Information Start Marker

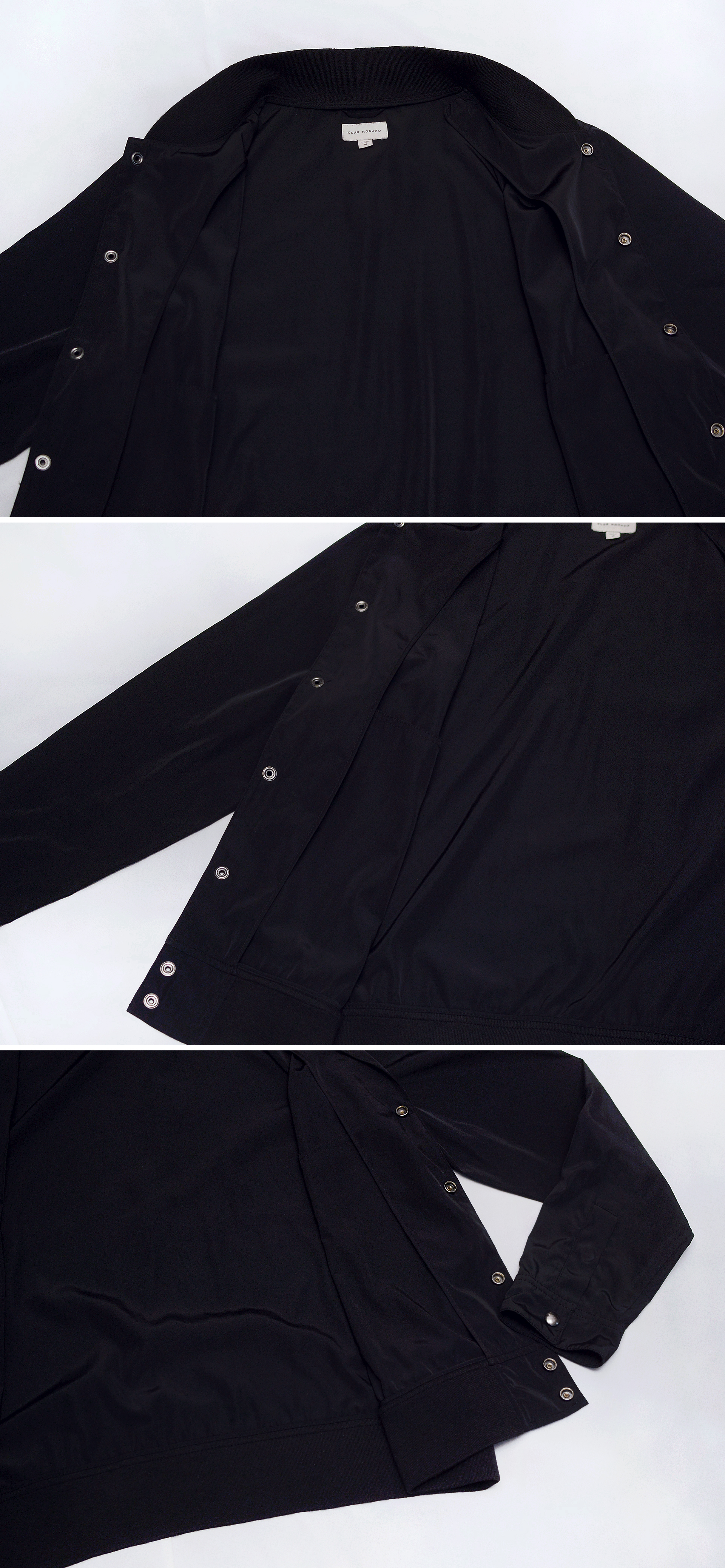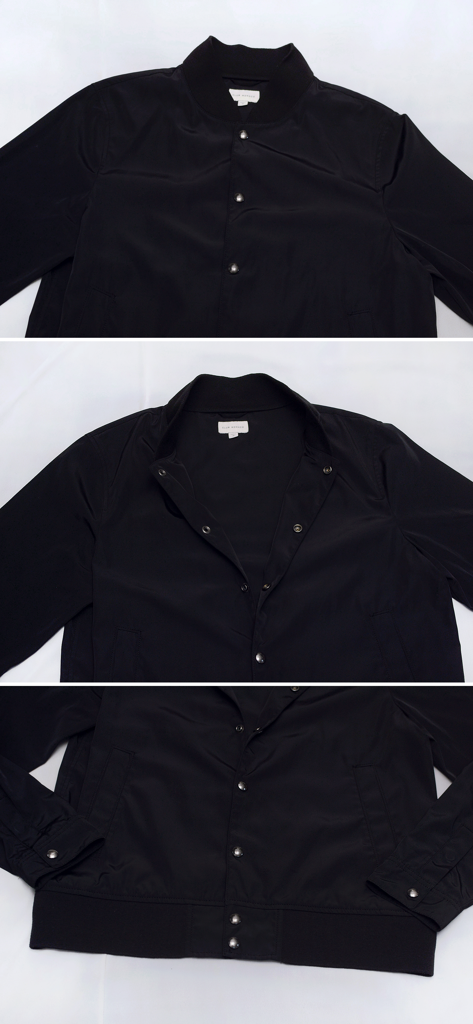 클럽 모나코 뉴욕 블랙 컬러 라이트 소프트쉘 버튼 블루종 자켓입니다. 국내 라이센스 생상품 아니라 뉴욕 소호 클럽 모나코 플래그쉽 스토어에서 직접 구입한 모델로 왠만한 브랜드에서는 다 나오는 흔한 버튼 타입 블루종 자켓이지만 더할것도 뺄것도 없는 딱 깔끔한 모던 클래식 스타일 추구하는 하이엔드 컨템포러리 브랜드 클럽 모나코다운 스타일 잘 보이는 가벼운 봄.가을용 아우터 자켓으로 지나치게 부하지 않고 실착시 라인 깔끔하게 딱 떨어지는 형태에 약간의 광택감 있는 블랙 컬러 기분좋게 바스락거리는 가볍고 착용감 좋은 소프트쉘 소재로 봄.가을철 간절기 가볍고 멋스러운 아우터 자켓으로 깔끔하게 입기 좋습니다.
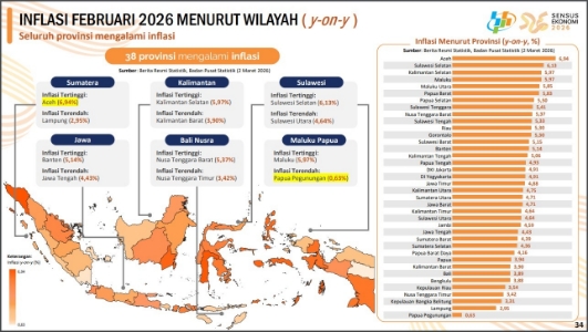 Adapun Inflasi nasional secara tahunan (year on year/y-o-y) pada Februari 2026 tercatat sebesar 4,76%. Pada periode yang sama, inflasi tahunan Provinsi Lampung sebesar 2,95%, menjadi yang terendah di Sumatera dan terendah kedua secara nasional.
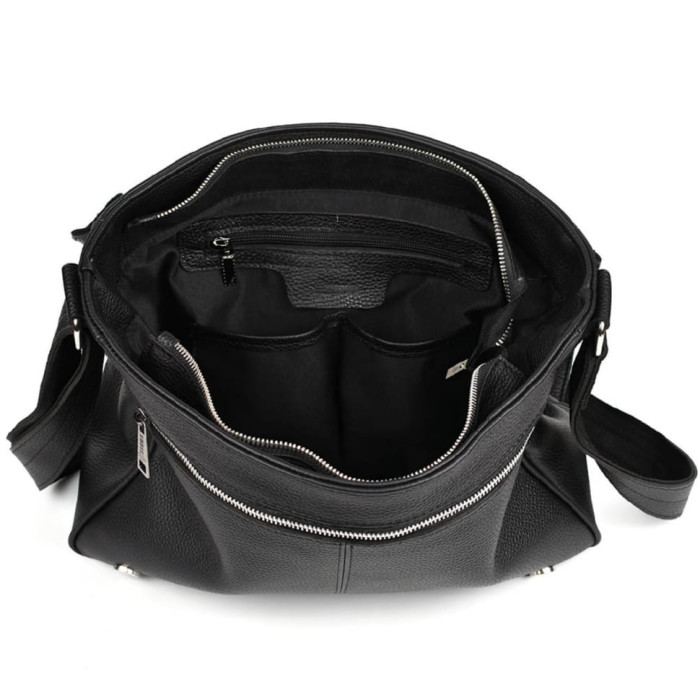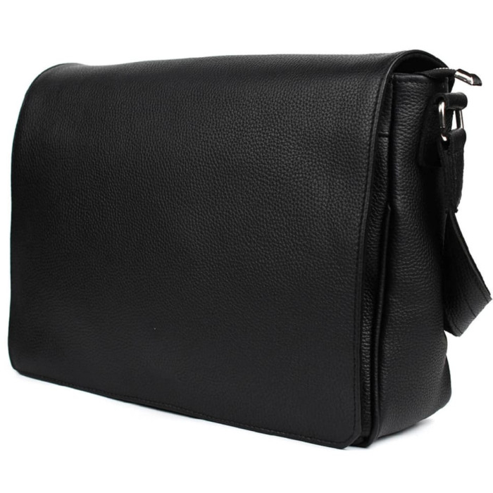 Чоловіча сумка месенджер 1047 на одне містке відділення, з м'яким відсіком всередині для планшета з хлястиком і липучкою, також всередині є три кишені: одна містка врізна на блискавці і дві відкриті для портмоне і телефону. Зовні на лицьовій стороні під клапаном є велика плоска врізна кишеня з блискавкою. Зовні на задній стороні - також врізна кишеня на блискавці. Сама сумка застібається на блискавку, а зверху накривається великим шкіряним клапаном, і безпосередньо в цій моделі виробники вирішили зробити клапан довшим за основну частину сумки. Широкий наплічний регульований ремінь зі шкіри дозволяє комфортно носити аксесуар на плечі.
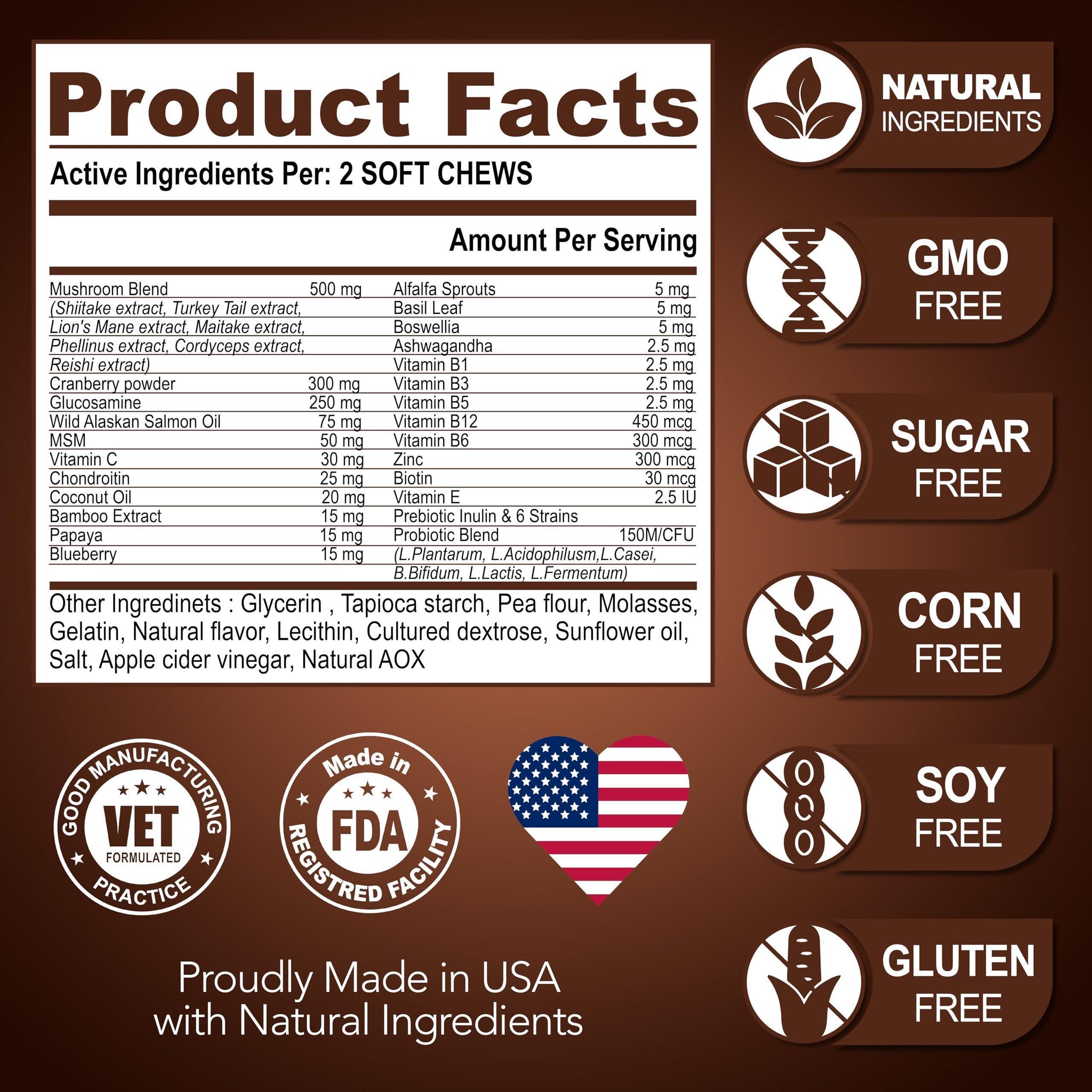 30-in-1 Dog Mushroom Multivitamin Chews: Offers a unique and effective blend of 7 mushrooms, including 6 probiotics, Omega-3 rich salmon oil, glucosamine, promoting your pet's overall wellbeing.
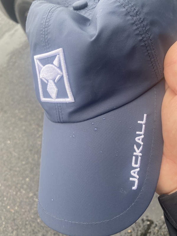 雨予報ということでジャッカルのレインキャップを装着。
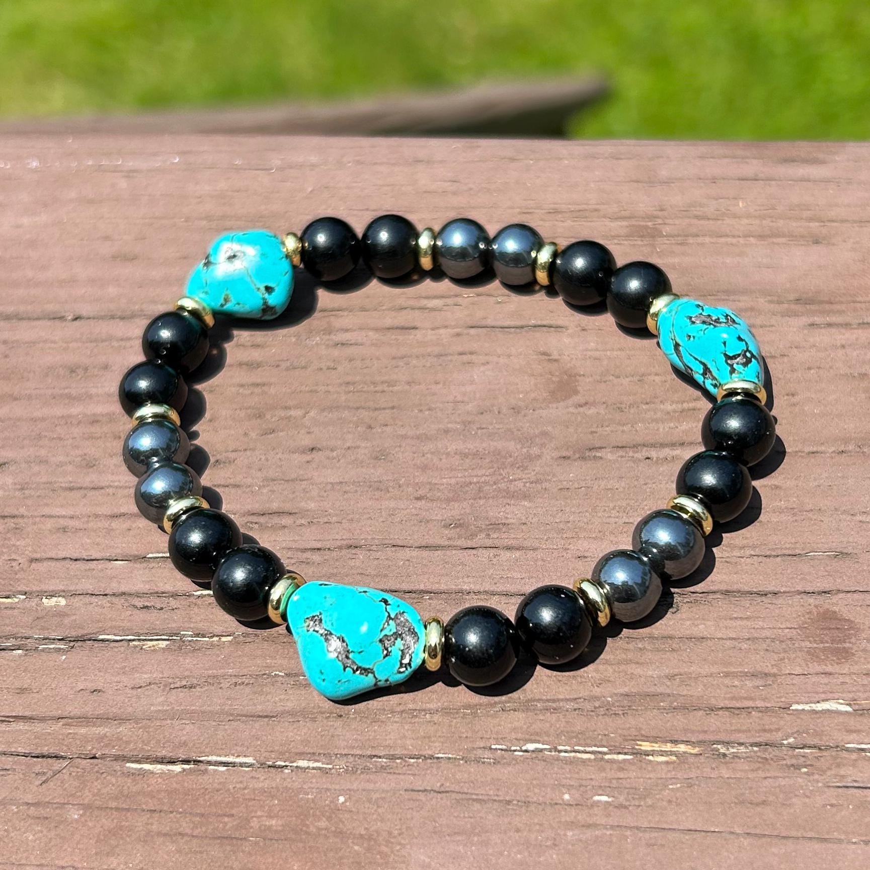 Turquoise, Hematite & Black Agate Bracelet – Unisex Healing Crystal Jewelry for Grounding & Protection
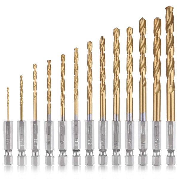 SPEEDWOX 13 Piece Drill Bit Set, For Woodworking, Hex Shank Drill Set, Hexagonal Drill Bit Set, Metal Drill Bit Set, Twist Drill Bit Set, Woodworking Drill Bit, Hex Axis, Ironwork Drill Set, Metal

Information End Marker

This exercise needs every entry retyped exactly, with the pictures removed.

 클럽 모나코 뉴욕 블랙 컬러 라이트 소프트쉘 버튼 블루종 자켓입니다. 국내 라이센스 생상품 아니라 뉴욕 소호 클럽 모나코 플래그쉽 스토어에서 직접 구입한 모델로 왠만한 브랜드에서는 다 나오는 흔한 버튼 타입 블루종 자켓이지만 더할것도 뺄것도 없는 딱 깔끔한 모던 클래식 스타일 추구하는 하이엔드 컨템포러리 브랜드 클럽 모나코다운 스타일 잘 보이는 가벼운 봄.가을용 아우터 자켓으로 지나치게 부하지 않고 실착시 라인 깔끔하게 딱 떨어지는 형태에 약간의 광택감 있는 블랙 컬러 기분좋게 바스락거리는 가볍고 착용감 좋은 소프트쉘 소재로 봄.가을철 간절기 가볍고 멋스러운 아우터 자켓으로 깔끔하게 입기 좋습니다.
 Adapun Inflasi nasional secara tahunan (year on year/y-o-y) pada Februari 2026 tercatat sebesar 4,76%. Pada periode yang sama, inflasi tahunan Provinsi Lampung sebesar 2,95%, menjadi yang terendah di Sumatera dan terendah kedua secara nasional.
 Чоловіча сумка месенджер 1047 на одне містке відділення, з м'яким відсіком всередині для планшета з хлястиком і липучкою, також всередині є три кишені: одна містка врізна на блискавці і дві відкриті для портмоне і телефону. Зовні на лицьовій стороні під клапаном є велика плоска врізна кишеня з блискавкою. Зовні на задній стороні - також врізна кишеня на блискавці. Сама сумка застібається на блискавку, а зверху накривається великим шкіряним клапаном, і безпосередньо в цій моделі виробники вирішили зробити клапан довшим за основну частину сумки. Широкий наплічний регульований ремінь зі шкіри дозволяє комфортно носити аксесуар на плечі.
 30-in-1 Dog Mushroom Multivitamin Chews: Offers a unique and effective blend of 7 mushrooms, including 6 probiotics, Omega-3 rich salmon oil, glucosamine, promoting your pet's overall wellbeing.
 雨予報ということでジャッカルのレインキャップを装着。
 Turquoise, Hematite & Black Agate Bracelet – Unisex Healing Crystal Jewelry for Grounding & Protection
 SPEEDWOX 13 Piece Drill Bit Set, For Woodworking, Hex Shank Drill Set, Hexagonal Drill Bit Set, Metal Drill Bit Set, Twist Drill Bit Set, Woodworking Drill Bit, Hex Axis, Ironwork Drill Set, Metal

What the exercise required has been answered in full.